» Your instructions
Transcribe the entries below word for word, beginning at the line with "阳春三月,乍暖还寒中,太阳成" and stopping after the line with "Kids Front Back"; drop all pictures.

» Material shown
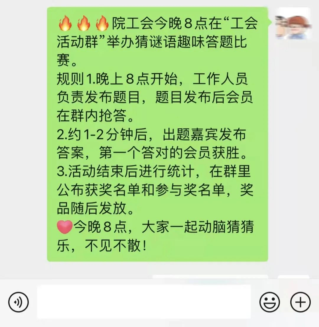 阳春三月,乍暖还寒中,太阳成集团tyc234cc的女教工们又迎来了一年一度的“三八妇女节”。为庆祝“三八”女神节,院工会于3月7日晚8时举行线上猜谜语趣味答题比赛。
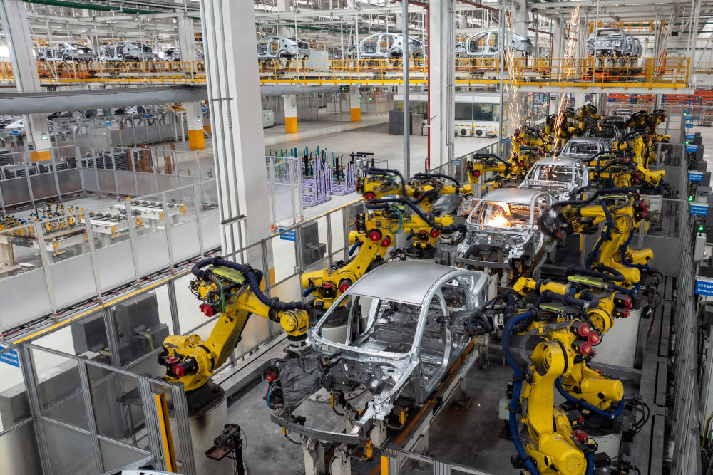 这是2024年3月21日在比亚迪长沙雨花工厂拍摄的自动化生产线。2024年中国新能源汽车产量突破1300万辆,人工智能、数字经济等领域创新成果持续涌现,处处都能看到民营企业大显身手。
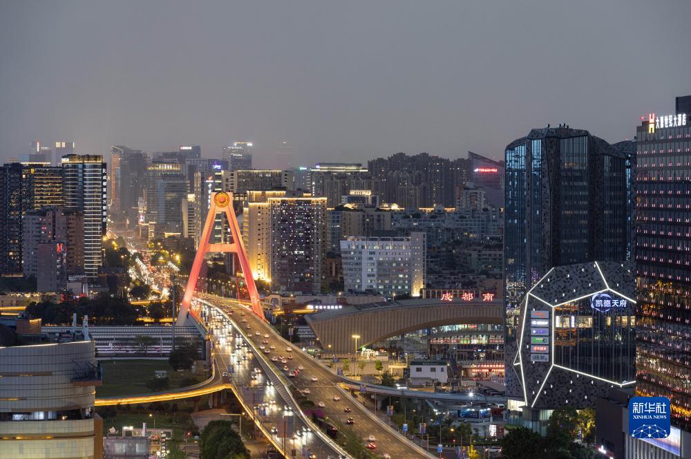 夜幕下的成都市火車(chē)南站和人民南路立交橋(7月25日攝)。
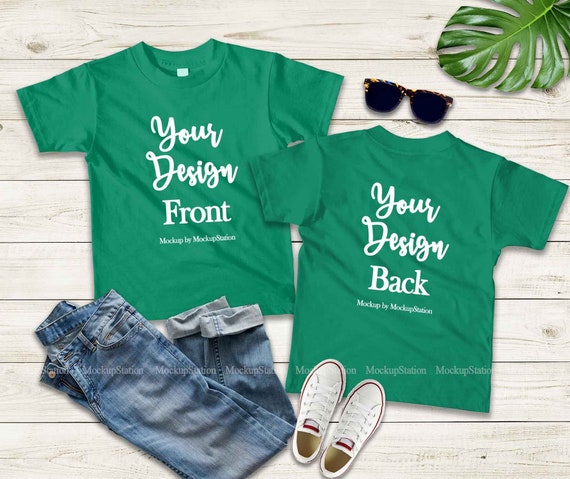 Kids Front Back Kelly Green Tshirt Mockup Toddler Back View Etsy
--
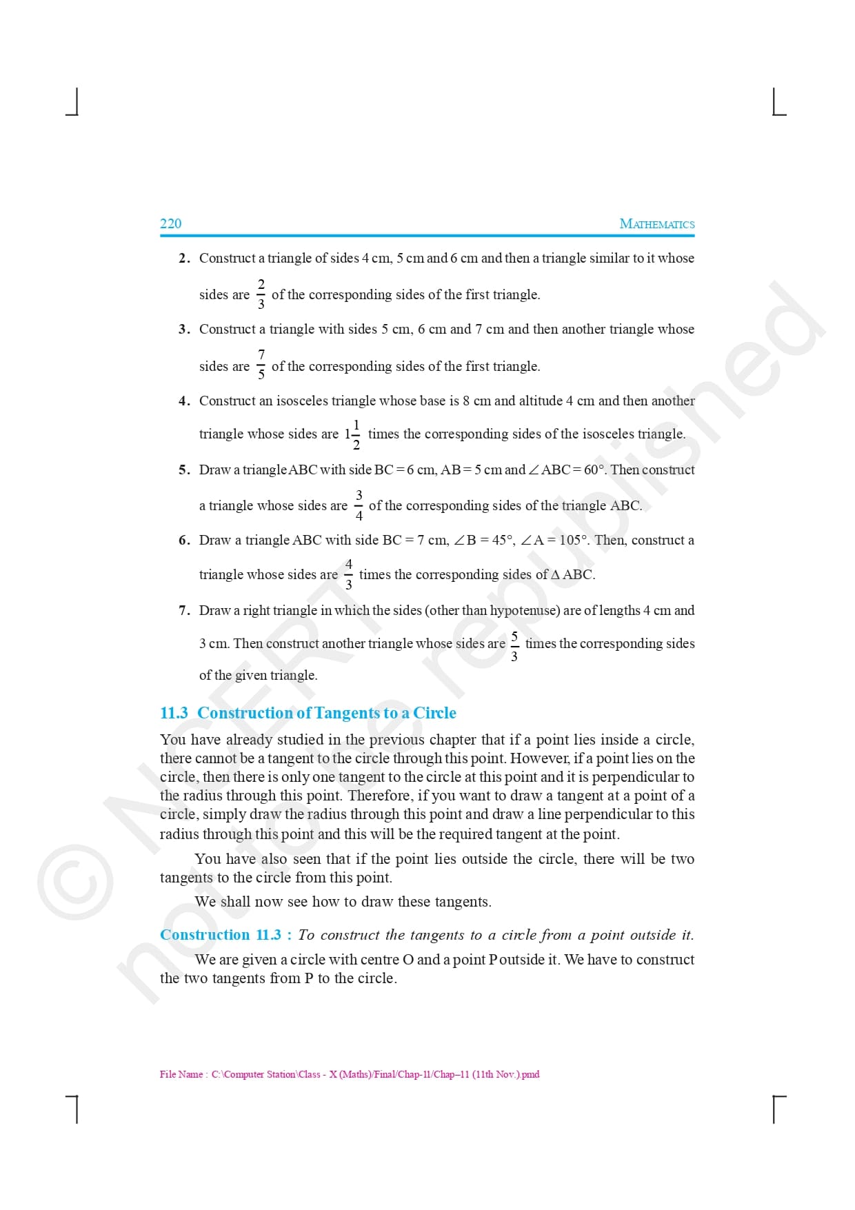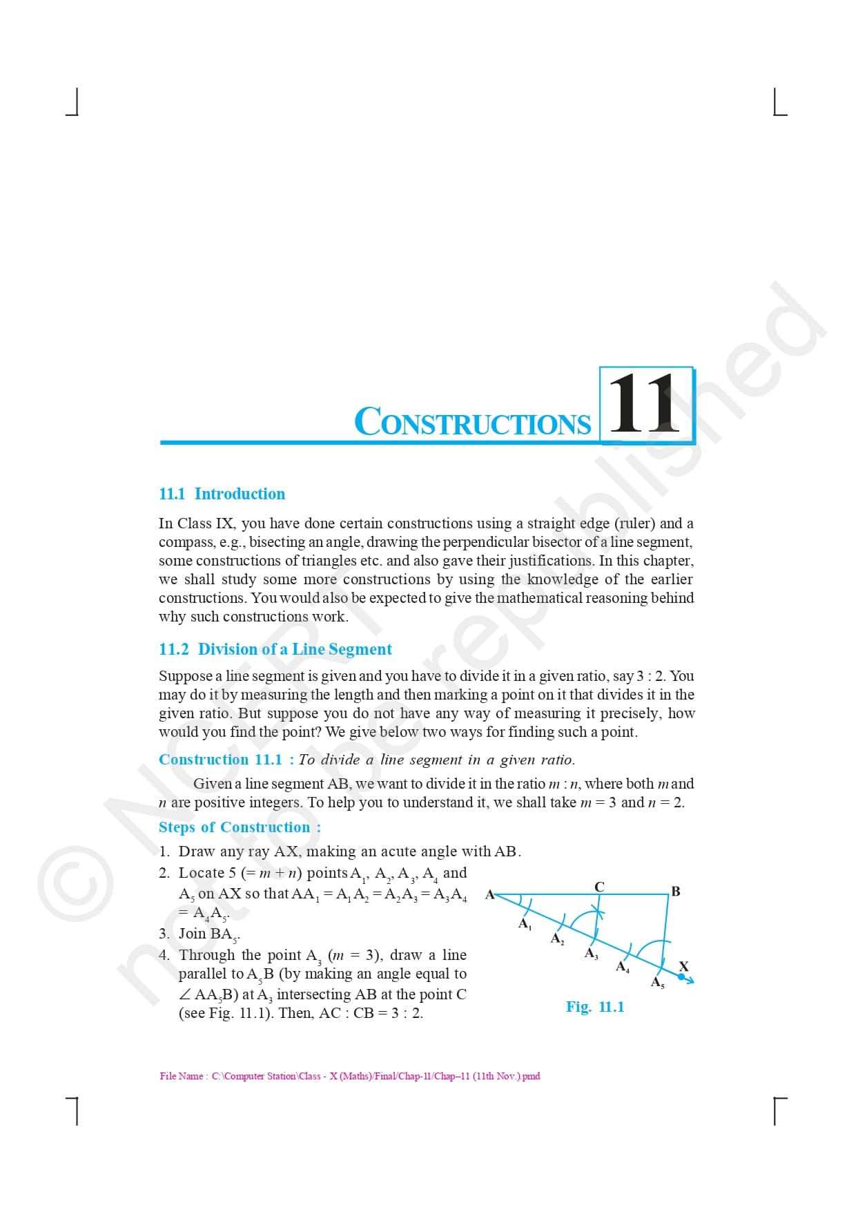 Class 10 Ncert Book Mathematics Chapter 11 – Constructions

» Result of the task
 阳春三月,乍暖还寒中,太阳成集团tyc234cc的女教工们又迎来了一年一度的“三八妇女节”。为庆祝“三八”女神节,院工会于3月7日晚8时举行线上猜谜语趣味答题比赛。
 这是2024年3月21日在比亚迪长沙雨花工厂拍摄的自动化生产线。2024年中国新能源汽车产量突破1300万辆,人工智能、数字经济等领域创新成果持续涌现,处处都能看到民营企业大显身手。
 夜幕下的成都市火車(chē)南站和人民南路立交橋(7月25日攝)。
 Kids Front Back Kelly Green Tshirt Mockup Toddler Back View Etsy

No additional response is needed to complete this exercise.